Patients were excluded if they had previously demonstrated non‐response of depressive symptoms to all 4 OAD options available for the double‐blind induction phase (duloxetine, escitalopram, sertraline, and venlafaxine extended release [XR]), previous non‐response to ketamine or esketamine, or had received vagal nerve stimulation or deep brain stimulation in the current episode of depression. Full inclusion/exclusion criteria have been published previously. 15 , 16

2.2. Study design

This post hoc analysis explored the relationship between ratings on the MADRS and the CGI‐S scales measured in the same patients by determining change scores on the MADRS that correspond to a 1‐point and 2‐point change on the CGI‐S scale. Similar relationships for changes were explored for the SDS and the PHQ‐9.

All patients were rated using the CGI‐S scale (at baseline and on days 4, 8, 15, 22, and 28), which permits a global evaluation of a patient's condition at a given time; MADRS (at baseline and on days 2, 8, 15, 22, and 28), with a recall period of 7 days for this study (except on day 2, which was for 24 hours) 17 ; SDS (at baseline and on days 15 and 28), with a recall period of 7 days; and PHQ‐9 (at baseline and on days 15 and 28), with a recall period of 2 weeks.
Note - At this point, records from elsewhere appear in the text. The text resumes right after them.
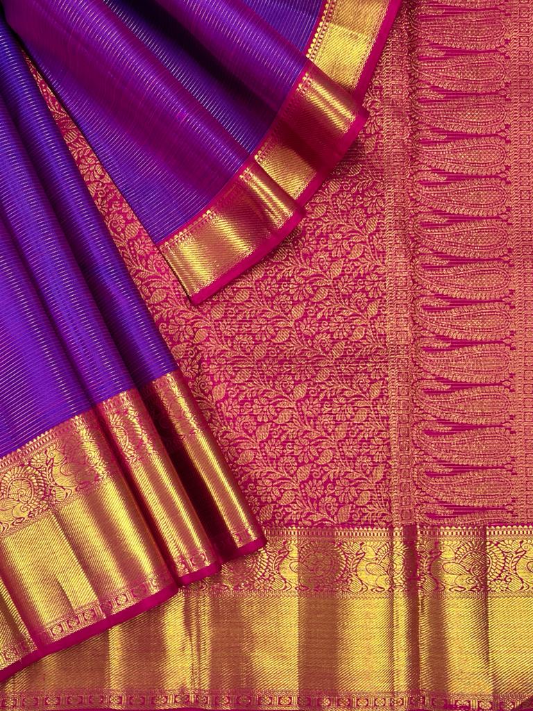 Handwoven Zari Stripes Kancheevaram Silk Saree with Traditional Annam Border and Rich Zari Woven Pallu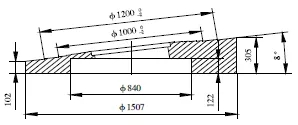 三偏心金屬硬密封蝶閥的密封面是斜錐面,閥體密封圈(圖1)與蝶板組合件密封圈(圖2)的接觸為面接觸,其工作原理是靠驅動裝置扭力直接帶動蝶板組合件,使蝶板組合件密封圈與閥體密封圈充分接觸后產生彈性變形而密封。三偏心金屬硬密封蝶閥作為一種高性能閥門,具有耐腐蝕性好、密封可靠、開啟力矩小等優點。三偏心硬密封電動蝶閥DN1200,其中閥體密封圈材料為1Cr18Ni9Ti,蝶板組合件密封圈材料為復合的不銹鋼板與石棉板夾層組合件,閥體密封圈與蝶板組合件密封圈的加工質量直接決定蝶閥密封性能。
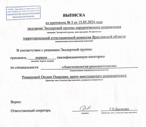 Все сотрудники имеют сертификат по специальности анестезиология и реаниматология.
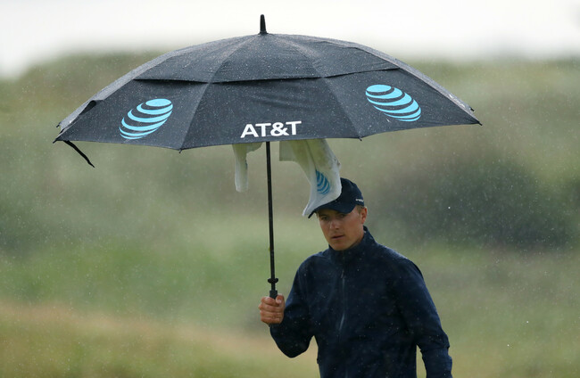 Brooks Koepka had been level with Spieth and Kuchar overnight but the current US Open champion struggled a little more in the afternoon rain — which at one point forced a temporary halt to play as greens became waterlogged.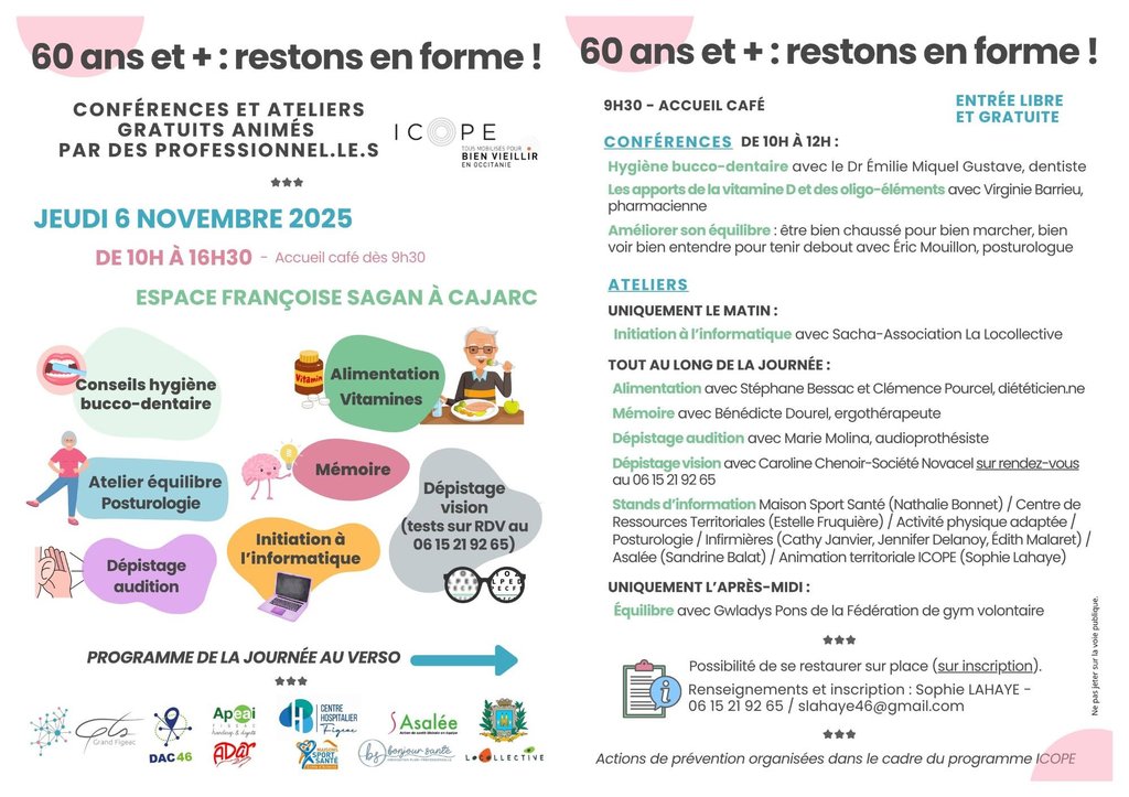 Une journée prévention santé pour les 60 ans et + organisée par la CPTS (Communauté Professionnelle Territoriale de Santé) du Grand Figeac à Cajarc

Note that remote independent raters completed all MADRS assessments to reduce potential bias on this primary efficacy outcome measure and potential unblinding owing to awareness of side effects. In contrast, assessment of the CGI‐S scale was conducted by the blinded site‐based rater. Both the SDS and the PHQ‐9 are patient‐rated outcomes.

2.3. Statistical analysis

Parametric and non‐parametric simple and multiple regression models were used to explore relationships between MADRS, SDS, and PHQ‐9 ratings and the CGI‐S scale score from baseline to the week 4 end point as dependent variables. Mixed‐model repeated measures analyses were used to account for additional data points from each visit, and within‐subject correlations were modeled using an unstructured covariance matrix. Assumptions, including a linear relationship between variables and equal variances of error terms, were evaluated. Regression coefficients and r 2 were assessed at each visit to illustrate consistency of observed estimates. Ordinal logistic regression models were used to determine expected values of MADRS, SDS, and PHQ‐9 at day 28 for each score of the CGI‐S scale as well as each anchor point in the CGI‐S scale. Additional logistic regression models were fitted using the change score of the CGI‐S scale as a categorical covariate. The categories of change in the CGI‐S scale were defined as improvement in severity score (being lowered by one or more units); unchanged (0); or worsening (severity score increased by one or more units). Linking analyses were performed as sensitivity analyses to determine the correspondence of the CGI‐S scale score to the MADRS, SDS, and PHQ‐9 scores, by mapping percentiles of the cumulative distribution of observed values for the 2 scales at baseline and each subsequent measurement, according to the Leucht method. 18 The equipercentile equating involved first determining percentile ranks for the CGI‐S and MADRS, SDS, and PHQ‐9 scales, and then, individual scores on the CGI‐S scale and relevant scale with equipercentile rank were matched together. Equipercentile equating defines a non‐linear relationship between scales by setting the percentile ranks equal for each point. The non‐linear relationships between the CGI‐S and MADRS, SDS, and PHQ‐9 scales were also established using local regression models to identity corresponding observed scores for CGI‐S scores of 3 (mildly ill) and 4 (moderately ill) to further assist with interpretability. The proportions of patients demonstrating clinically meaningful and substantial improvements were provided for both treatment groups. Rate differences between the treatment groups along with 95% CIs were computed. The 95% CIs that do not include zero correspond to a two‐sided P‐value <0.05 using a chi‐square test statistic. No adjustment was made for multiplicity.

3. RESULTS

Patient disposition is shown in Figure S1, and baseline demographics are shown in Table 1.

Table 1.

Baseline demographic and clinical characteristics.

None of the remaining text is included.